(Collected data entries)
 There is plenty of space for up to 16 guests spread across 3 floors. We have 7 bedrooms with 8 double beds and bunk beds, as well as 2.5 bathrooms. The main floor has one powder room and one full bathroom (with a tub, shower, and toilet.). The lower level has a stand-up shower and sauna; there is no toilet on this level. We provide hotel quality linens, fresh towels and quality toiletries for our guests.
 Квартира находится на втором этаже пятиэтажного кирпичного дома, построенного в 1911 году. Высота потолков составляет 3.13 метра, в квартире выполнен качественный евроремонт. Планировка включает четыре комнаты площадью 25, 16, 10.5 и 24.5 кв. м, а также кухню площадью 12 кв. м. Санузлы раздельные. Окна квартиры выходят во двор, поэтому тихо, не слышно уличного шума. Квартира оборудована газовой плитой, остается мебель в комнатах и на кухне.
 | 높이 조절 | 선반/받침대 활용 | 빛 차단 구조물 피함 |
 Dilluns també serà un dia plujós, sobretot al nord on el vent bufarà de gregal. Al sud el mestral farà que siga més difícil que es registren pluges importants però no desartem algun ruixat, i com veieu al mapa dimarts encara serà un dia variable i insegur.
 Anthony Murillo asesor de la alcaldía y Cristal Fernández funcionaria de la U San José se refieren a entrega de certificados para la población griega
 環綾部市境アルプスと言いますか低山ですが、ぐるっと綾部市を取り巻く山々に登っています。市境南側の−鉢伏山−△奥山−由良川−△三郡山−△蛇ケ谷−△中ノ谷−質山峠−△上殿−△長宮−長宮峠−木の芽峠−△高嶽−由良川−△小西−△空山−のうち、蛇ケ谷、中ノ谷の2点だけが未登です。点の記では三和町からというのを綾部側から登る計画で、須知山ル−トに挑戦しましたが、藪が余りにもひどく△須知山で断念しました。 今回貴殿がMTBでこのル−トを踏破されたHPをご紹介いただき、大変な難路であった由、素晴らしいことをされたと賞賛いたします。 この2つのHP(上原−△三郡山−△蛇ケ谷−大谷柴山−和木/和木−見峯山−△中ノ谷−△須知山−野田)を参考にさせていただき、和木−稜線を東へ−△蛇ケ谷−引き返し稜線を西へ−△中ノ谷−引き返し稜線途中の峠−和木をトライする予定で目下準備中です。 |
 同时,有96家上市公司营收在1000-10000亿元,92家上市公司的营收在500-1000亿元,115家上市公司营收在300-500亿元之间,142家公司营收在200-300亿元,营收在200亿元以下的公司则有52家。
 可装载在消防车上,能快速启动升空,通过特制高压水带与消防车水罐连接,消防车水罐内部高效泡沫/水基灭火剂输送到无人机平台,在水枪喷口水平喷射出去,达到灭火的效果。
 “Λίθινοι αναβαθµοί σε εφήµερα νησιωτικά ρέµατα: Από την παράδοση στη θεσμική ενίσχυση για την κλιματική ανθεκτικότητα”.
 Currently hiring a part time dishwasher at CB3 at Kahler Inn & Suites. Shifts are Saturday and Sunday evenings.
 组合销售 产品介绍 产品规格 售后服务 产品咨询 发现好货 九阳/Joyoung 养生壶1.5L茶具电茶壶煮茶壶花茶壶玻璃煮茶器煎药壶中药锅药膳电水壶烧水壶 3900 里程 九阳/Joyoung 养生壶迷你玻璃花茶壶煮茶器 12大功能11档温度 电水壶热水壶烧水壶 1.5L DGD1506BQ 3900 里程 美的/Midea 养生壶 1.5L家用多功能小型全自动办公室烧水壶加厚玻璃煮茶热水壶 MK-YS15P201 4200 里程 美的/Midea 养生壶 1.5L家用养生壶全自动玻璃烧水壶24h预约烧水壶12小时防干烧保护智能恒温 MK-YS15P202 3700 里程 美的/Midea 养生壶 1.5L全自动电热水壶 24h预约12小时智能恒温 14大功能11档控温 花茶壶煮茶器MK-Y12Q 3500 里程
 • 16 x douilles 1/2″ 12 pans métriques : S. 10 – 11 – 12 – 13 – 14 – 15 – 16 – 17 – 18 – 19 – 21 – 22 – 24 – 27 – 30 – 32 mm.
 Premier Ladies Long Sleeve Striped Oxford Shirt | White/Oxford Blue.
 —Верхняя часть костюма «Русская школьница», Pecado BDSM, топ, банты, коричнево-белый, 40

What this task involves:
Reproduce the entries above exactly, starting at their first line and finishing with the line that contains "Квартира находится на".

Response to this exercise:
 There is plenty of space for up to 16 guests spread across 3 floors. We have 7 bedrooms with 8 double beds and bunk beds, as well as 2.5 bathrooms. The main floor has one powder room and one full bathroom (with a tub, shower, and toilet.). The lower level has a stand-up shower and sauna; there is no toilet on this level. We provide hotel quality linens, fresh towels and quality toiletries for our guests.
 Квартира находится на втором этаже пятиэтажного кирпичного дома, построенного в 1911 году. Высота потолков составляет 3.13 метра, в квартире выполнен качественный евроремонт. Планировка включает четыре комнаты площадью 25, 16, 10.5 и 24.5 кв. м, а также кухню площадью 12 кв. м. Санузлы раздельные. Окна квартиры выходят во двор, поэтому тихо, не слышно уличного шума. Квартира оборудована газовой плитой, остается мебель в комнатах и на кухне.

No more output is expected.